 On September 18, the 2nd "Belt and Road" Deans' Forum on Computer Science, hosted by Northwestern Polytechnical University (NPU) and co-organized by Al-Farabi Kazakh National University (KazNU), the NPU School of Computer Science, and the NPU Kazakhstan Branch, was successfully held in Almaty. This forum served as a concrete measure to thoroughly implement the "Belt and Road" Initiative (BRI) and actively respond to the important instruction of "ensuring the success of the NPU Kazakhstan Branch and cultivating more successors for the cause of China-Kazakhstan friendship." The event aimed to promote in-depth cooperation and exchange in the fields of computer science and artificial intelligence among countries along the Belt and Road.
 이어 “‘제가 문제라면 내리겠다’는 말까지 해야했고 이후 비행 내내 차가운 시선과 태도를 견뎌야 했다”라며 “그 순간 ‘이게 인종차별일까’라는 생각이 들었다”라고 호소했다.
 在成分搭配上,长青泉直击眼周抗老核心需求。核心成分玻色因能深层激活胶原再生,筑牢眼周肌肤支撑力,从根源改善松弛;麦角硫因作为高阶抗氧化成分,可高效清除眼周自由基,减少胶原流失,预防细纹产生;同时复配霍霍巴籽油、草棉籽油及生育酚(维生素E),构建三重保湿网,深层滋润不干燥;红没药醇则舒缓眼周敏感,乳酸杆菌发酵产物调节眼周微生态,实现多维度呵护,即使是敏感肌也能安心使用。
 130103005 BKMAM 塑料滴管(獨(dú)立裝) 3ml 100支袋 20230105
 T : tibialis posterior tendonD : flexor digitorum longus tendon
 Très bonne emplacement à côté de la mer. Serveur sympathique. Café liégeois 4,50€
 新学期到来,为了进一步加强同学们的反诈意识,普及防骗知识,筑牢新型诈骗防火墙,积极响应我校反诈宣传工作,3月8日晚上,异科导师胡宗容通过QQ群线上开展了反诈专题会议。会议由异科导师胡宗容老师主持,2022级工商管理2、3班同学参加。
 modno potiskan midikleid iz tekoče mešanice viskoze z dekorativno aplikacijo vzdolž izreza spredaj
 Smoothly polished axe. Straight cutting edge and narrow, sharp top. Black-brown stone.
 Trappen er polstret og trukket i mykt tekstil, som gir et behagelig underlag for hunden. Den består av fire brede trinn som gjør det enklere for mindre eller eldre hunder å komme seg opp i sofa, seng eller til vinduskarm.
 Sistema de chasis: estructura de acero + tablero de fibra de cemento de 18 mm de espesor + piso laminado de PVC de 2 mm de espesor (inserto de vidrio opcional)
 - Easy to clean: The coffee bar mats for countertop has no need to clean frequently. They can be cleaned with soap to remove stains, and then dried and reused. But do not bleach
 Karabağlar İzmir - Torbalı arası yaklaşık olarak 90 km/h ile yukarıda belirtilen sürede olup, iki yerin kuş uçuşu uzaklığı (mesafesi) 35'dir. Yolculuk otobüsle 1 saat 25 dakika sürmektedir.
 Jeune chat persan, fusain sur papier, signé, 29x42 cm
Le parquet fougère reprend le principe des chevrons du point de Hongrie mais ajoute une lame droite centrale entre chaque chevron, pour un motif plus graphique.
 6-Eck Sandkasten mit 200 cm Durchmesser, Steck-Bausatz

++++++

All entries are to be retyped with no difference from the original.

**Solved problem:**
 On September 18, the 2nd "Belt and Road" Deans' Forum on Computer Science, hosted by Northwestern Polytechnical University (NPU) and co-organized by Al-Farabi Kazakh National University (KazNU), the NPU School of Computer Science, and the NPU Kazakhstan Branch, was successfully held in Almaty. This forum served as a concrete measure to thoroughly implement the "Belt and Road" Initiative (BRI) and actively respond to the important instruction of "ensuring the success of the NPU Kazakhstan Branch and cultivating more successors for the cause of China-Kazakhstan friendship." The event aimed to promote in-depth cooperation and exchange in the fields of computer science and artificial intelligence among countries along the Belt and Road.
 이어 “‘제가 문제라면 내리겠다’는 말까지 해야했고 이후 비행 내내 차가운 시선과 태도를 견뎌야 했다”라며 “그 순간 ‘이게 인종차별일까’라는 생각이 들었다”라고 호소했다.
 在成分搭配上,长青泉直击眼周抗老核心需求。核心成分玻色因能深层激活胶原再生,筑牢眼周肌肤支撑力,从根源改善松弛;麦角硫因作为高阶抗氧化成分,可高效清除眼周自由基,减少胶原流失,预防细纹产生;同时复配霍霍巴籽油、草棉籽油及生育酚(维生素E),构建三重保湿网,深层滋润不干燥;红没药醇则舒缓眼周敏感,乳酸杆菌发酵产物调节眼周微生态,实现多维度呵护,即使是敏感肌也能安心使用。
 130103005 BKMAM 塑料滴管(獨(dú)立裝) 3ml 100支袋 20230105
 T : tibialis posterior tendonD : flexor digitorum longus tendon
 Très bonne emplacement à côté de la mer. Serveur sympathique. Café liégeois 4,50€
 新学期到来,为了进一步加强同学们的反诈意识,普及防骗知识,筑牢新型诈骗防火墙,积极响应我校反诈宣传工作,3月8日晚上,异科导师胡宗容通过QQ群线上开展了反诈专题会议。会议由异科导师胡宗容老师主持,2022级工商管理2、3班同学参加。
 modno potiskan midikleid iz tekoče mešanice viskoze z dekorativno aplikacijo vzdolž izreza spredaj
 Smoothly polished axe. Straight cutting edge and narrow, sharp top. Black-brown stone.
 Trappen er polstret og trukket i mykt tekstil, som gir et behagelig underlag for hunden. Den består av fire brede trinn som gjør det enklere for mindre eller eldre hunder å komme seg opp i sofa, seng eller til vinduskarm.
 Sistema de chasis: estructura de acero + tablero de fibra de cemento de 18 mm de espesor + piso laminado de PVC de 2 mm de espesor (inserto de vidrio opcional)
 - Easy to clean: The coffee bar mats for countertop has no need to clean frequently. They can be cleaned with soap to remove stains, and then dried and reused. But do not bleach
 Karabağlar İzmir - Torbalı arası yaklaşık olarak 90 km/h ile yukarıda belirtilen sürede olup, iki yerin kuş uçuşu uzaklığı (mesafesi) 35'dir. Yolculuk otobüsle 1 saat 25 dakika sürmektedir.
 Jeune chat persan, fusain sur papier, signé, 29x42 cm
Le parquet fougère reprend le principe des chevrons du point de Hongrie mais ajoute une lame droite centrale entre chaque chevron, pour un motif plus graphique.
 6-Eck Sandkasten mit 200 cm Durchmesser, Steck-Bausatz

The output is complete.